Exercise goal:
Could you set down exactly the lines in the records below between the line holding "Indiana. 1907. $1000" and the line holding "Emerio Vacuum Cleaner", inclusive?

The data:
● ● ●

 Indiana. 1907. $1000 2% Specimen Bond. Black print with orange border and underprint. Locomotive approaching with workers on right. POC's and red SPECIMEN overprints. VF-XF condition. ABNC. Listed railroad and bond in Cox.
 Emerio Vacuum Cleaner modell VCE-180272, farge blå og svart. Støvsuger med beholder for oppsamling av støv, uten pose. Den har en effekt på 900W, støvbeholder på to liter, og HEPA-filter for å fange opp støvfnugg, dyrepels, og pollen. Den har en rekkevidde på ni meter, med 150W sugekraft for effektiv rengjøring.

● ● ●

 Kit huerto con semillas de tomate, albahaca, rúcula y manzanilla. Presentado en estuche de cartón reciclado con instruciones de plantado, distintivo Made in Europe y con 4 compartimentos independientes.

● ● ●

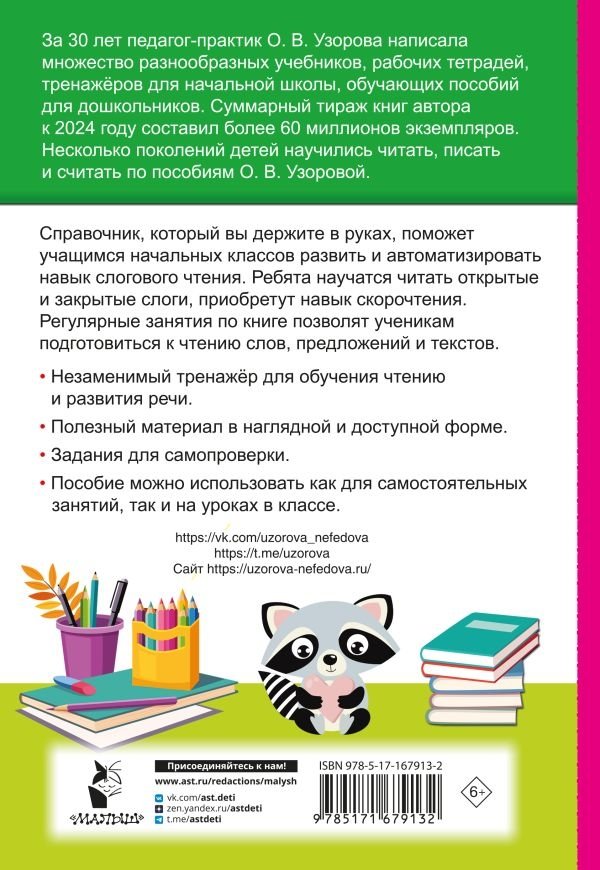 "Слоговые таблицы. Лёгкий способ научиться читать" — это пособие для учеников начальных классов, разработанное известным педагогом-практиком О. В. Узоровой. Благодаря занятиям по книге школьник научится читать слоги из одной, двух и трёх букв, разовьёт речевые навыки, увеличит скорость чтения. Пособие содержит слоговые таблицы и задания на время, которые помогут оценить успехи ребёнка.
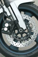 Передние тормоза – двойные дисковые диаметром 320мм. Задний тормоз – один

● ● ●

Output of the task:
 Indiana. 1907. $1000 2% Specimen Bond. Black print with orange border and underprint. Locomotive approaching with workers on right. POC's and red SPECIMEN overprints. VF-XF condition. ABNC. Listed railroad and bond in Cox.
 Emerio Vacuum Cleaner modell VCE-180272, farge blå og svart. Støvsuger med beholder for oppsamling av støv, uten pose. Den har en effekt på 900W, støvbeholder på to liter, og HEPA-filter for å fange opp støvfnugg, dyrepels, og pollen. Den har en rekkevidde på ni meter, med 150W sugekraft for effektiv rengjøring.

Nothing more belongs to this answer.